PyData London 2024

Probabilistic Programming and Bayesian Computing with PyMC
06-14, 15:30–17:00 (Europe/London), Salisbury

Bayesian statistical methods provide powerful tools for solving various data science problems. The Bayesian approach yields easy-to-interpret results and automatically accounts for uncertainty in our estimates or predictions. Although computational challenges have historically been an obstacle, especially for new users, there are now mature probabilistic programming tools that are both efficient and easy to learn. We will use the latest release of PyMC (version 5) for this tutorial, but the concepts and techniques taught can be applied to any probabilistic programming framework.

This tutorial targets practicing and aspiring data scientists and analysts who seek to incorporate Bayesian statistics and probabilistic programming into their work. It will provide new users with an overview of Bayesian statistical methods and their applicability in various situations.
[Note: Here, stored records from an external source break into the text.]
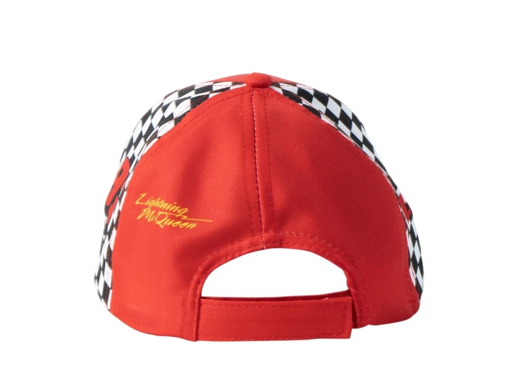 Hledáte perfektní dárek pro malého fanouška autíček z pohádky Auta? Tato stylová kšiltovka je trefou do červeného! Kombinuje oblíbený design s praktičností a ochranou před sluncem. Přední panel zdobí dynamická grafika s detaily závodního modelu auta Bleska McQueena s typickým šachovnicovým vzorem. Díky nastavitelnému látkovému řemínku na suchý zip v zadní části kšiltovka roste s vaším dítětem a zajistí pohodlné nošení po dlouhou dobu. Lehký, odolný a snadno udžitelný materiál. Stylový a praktický doplněk, který potěší každého menšího i většího fanouška rychlých aut.
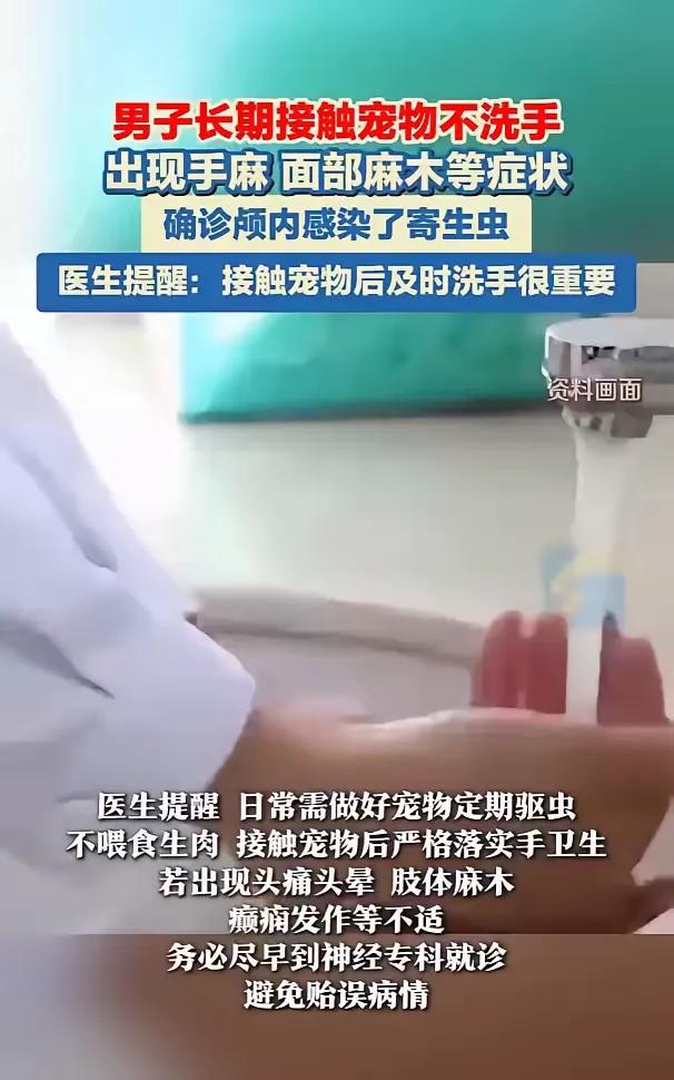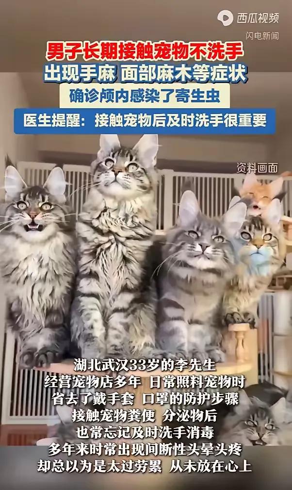 “悲剧还是发生了!”湖北武汉,一男子开了家宠物店,在照料宠物时图省事,不防护也不及时消毒,这导致男子多年来时常出现间断性头晕头疼,他还以为是自己太过劳累,直到手和面部发麻,才去医院,最后确诊颅内感染了寄生虫! 33岁的李先生,开宠物店这么多年,天天跟猫猫狗狗打交道,肯定是打心底里喜欢这些小家伙。平时给宠物喂食、铲屎、打理,忙起来哪顾得上戴手套口罩,摸完宠物、碰完粪便分泌物,随手就去擦汗、拿东西吃,洗手消毒更是经常忘。 李先生断断续续出现了头晕头疼,全被他归根于开店太累、熬夜忙生意上,压根没往寄生虫上想。直到手麻、脸麻的症状找上门,他才慌了神去医院,结果一查,寄生虫已经钻进了颅内,这可不是小事,后续的治疗、对身体的伤害,想想都让人心疼。 其实很多人都忽略了,宠物身上哪怕做了驱虫,也可能携带虫卵和病菌。尤其是宠物店这种环境,宠物多、接触频繁,防护不到位、卫生不注意,真的就是在给病菌开门。很多养宠人总觉得自己家宠物干净,不用太讲究,可就是这种一次次的“图省事”,最后酿成了大问题。 医生的提醒真的不是危言耸听。定期给宠物驱虫、别喂生肉,接触宠物后认认真真洗手消毒,这些看似麻烦的小事,其实都是在给自己的健康上保险。要是真出现了头晕头疼、肢体麻木甚至癫痫发作的情况,千万别硬扛,赶紧去神经科检查,别等小毛病拖成大问题,到时候后悔都来不及。 养宠是件很治愈的事,但前提是要做好防护、守好卫生。别让一时的侥幸,毁掉自己的健康,也别让喜欢变成伤害。 各位读者你们怎么看?欢迎在评论区讨论。
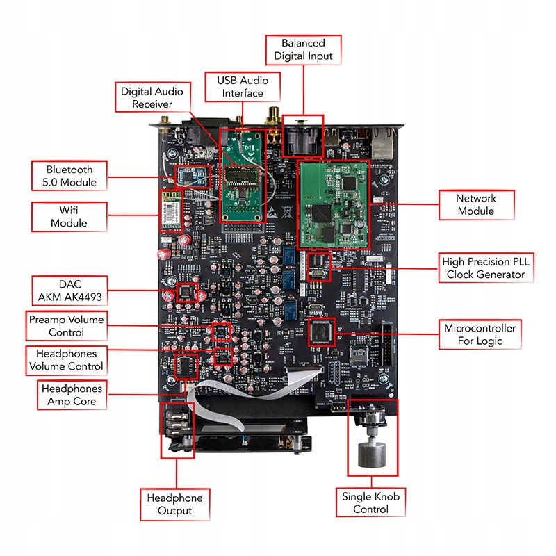 DS-10 має функцію ввімкнення/вимкнення високого рівня якісний аналоговий аудіо попередній підсилювач, керований дистанційним керуванням або власною програмою, що дозволяє регулювати пристрій через аналоговий каскад, навіть за допомогою веб-плеєрів, гарантуючи найкращу продуктивність.
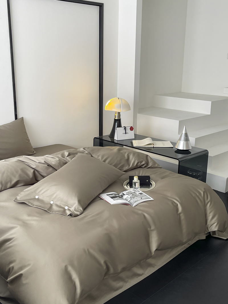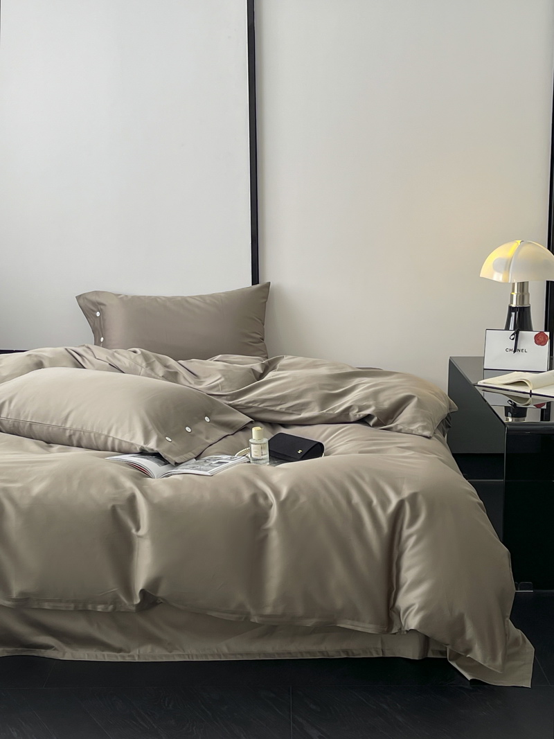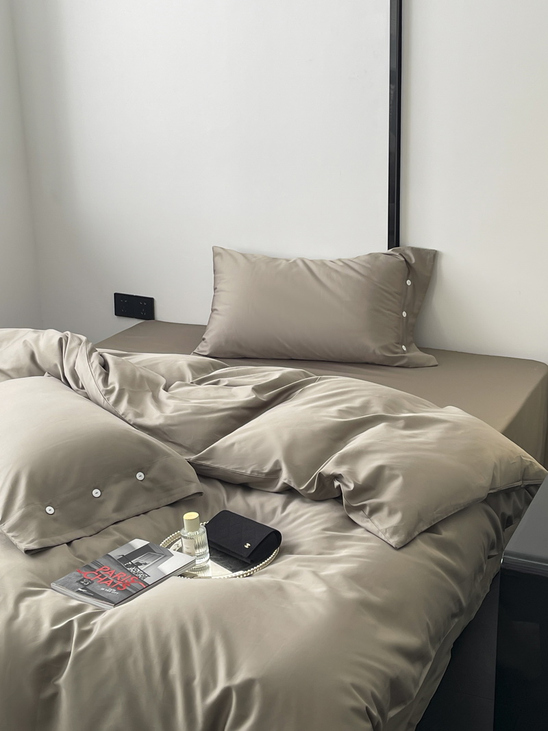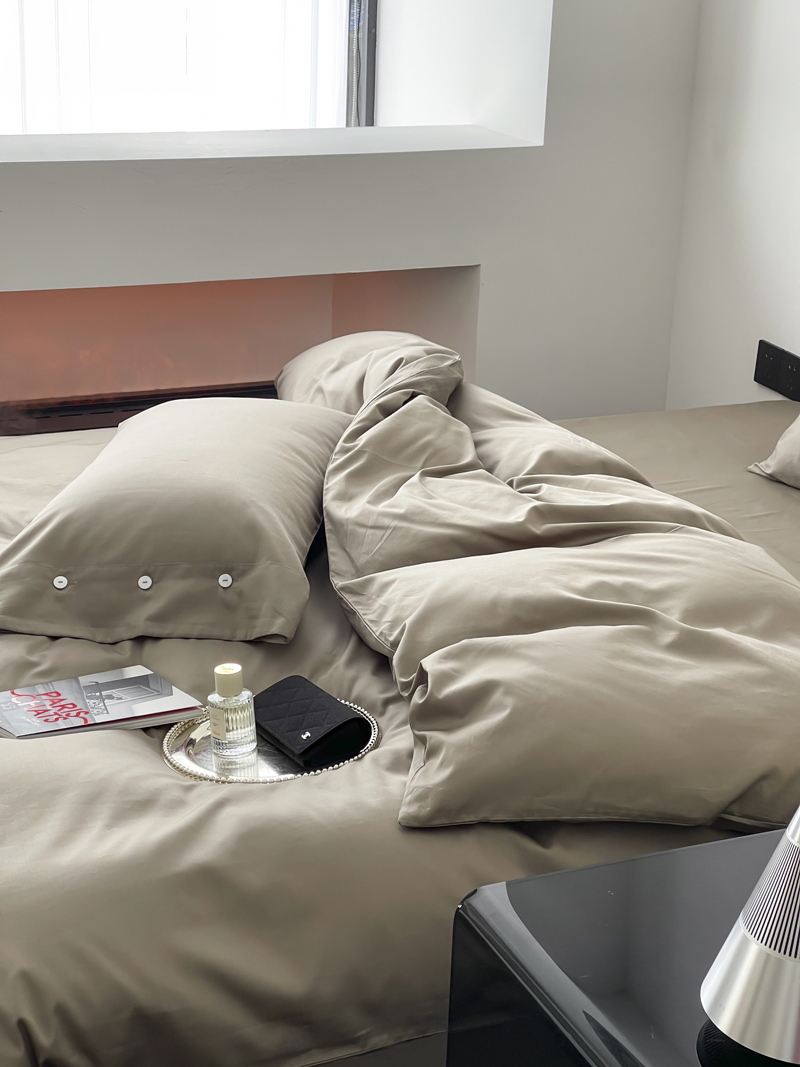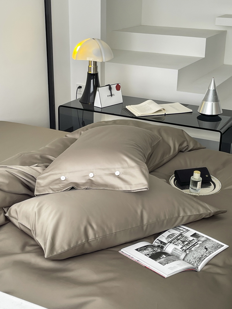 我们摒弃浮夸的印花与多余的装饰,回归面料最本真的魅力。面料一直是拿手的高精密60支(60×60)精梳紧密纺,密度做到(200×105)经由60支高密工艺精心织就。这意味着每平方英寸内交织的纱线更多更密,成就了面料丝滑、挺括且坚韧的质感。
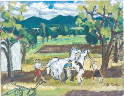 Ti offriamo una riproduzione artigianale su tela dell'opera famosa 'Horseshoeing' di Nutzi Acontz, dal Museo delle Riproduzioni.
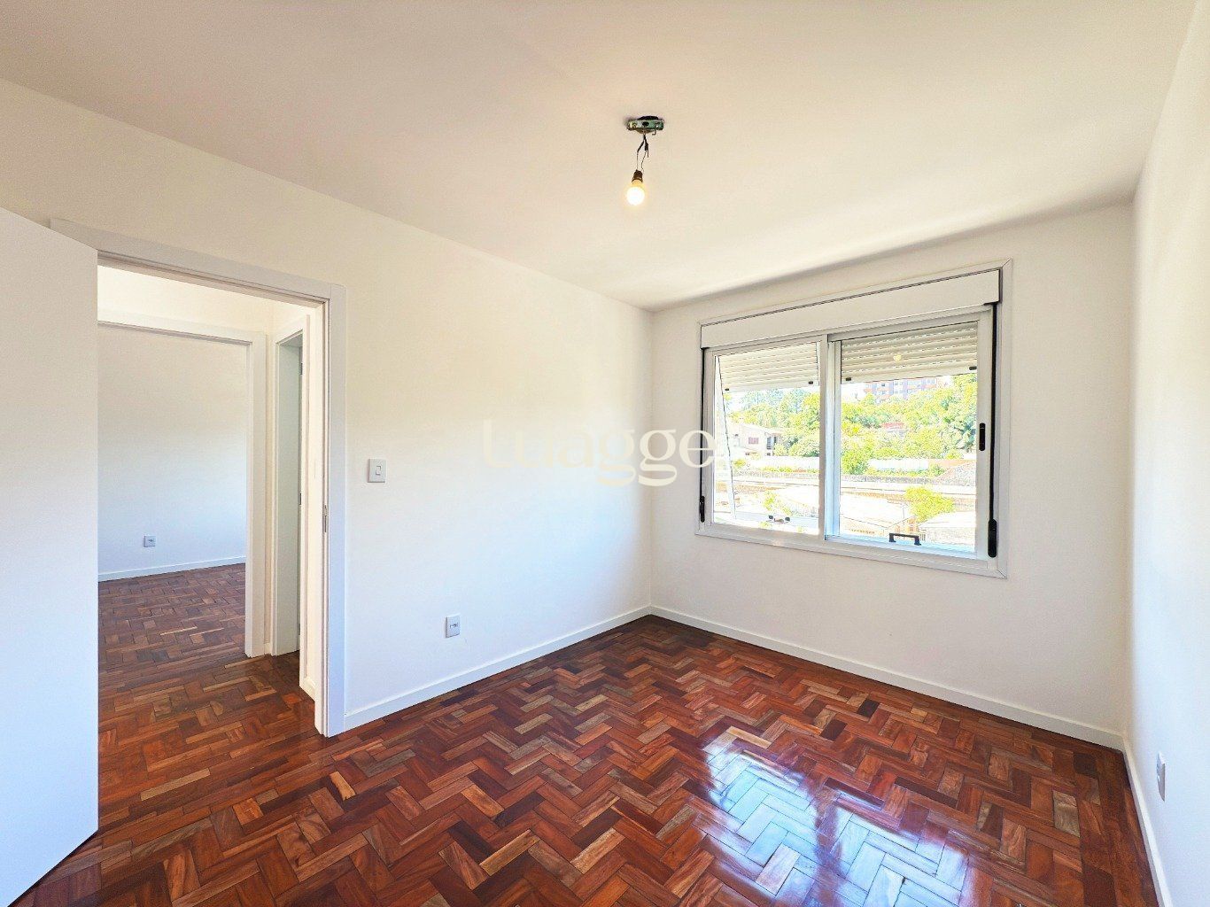 Quarto amplo, iluminado e arejado, com janela grande e boa incidência solar.

Learners will also gain practical experience in applying these methods using PyMC, including the specification, fitting, and validation of models using a real-world dataset.


The tutorial's goal is to enable new users to use Bayesian methods effectively. We will keep the theory light and focus on the practical implementation of models, while still providing some statistical background for context and clarity. Since PyMC is a high-level statistical package, it's easy to overlook important details of the underlying algorithms. So we'll start the tutorial by solving a simple model using only NumPy and SciPy functions before moving on to PyMC. As a culmination of the tutorial, I will introduce "The Bayesian Workflow", reiterating the crucial steps in the process and offering helpful tips and tricks to help make Bayesian modeling fool-proof.

This is an introductory tutorial, so no prior experience with PyMC or Bayesian statistics is required. However, for maximum benefit, learners should be somewhat familiar with basic statistical modeling, such as regression and estimation. They should also be comfortable with using the core components of the scientific Python stack, including NumPy, pandas, and Jupyter.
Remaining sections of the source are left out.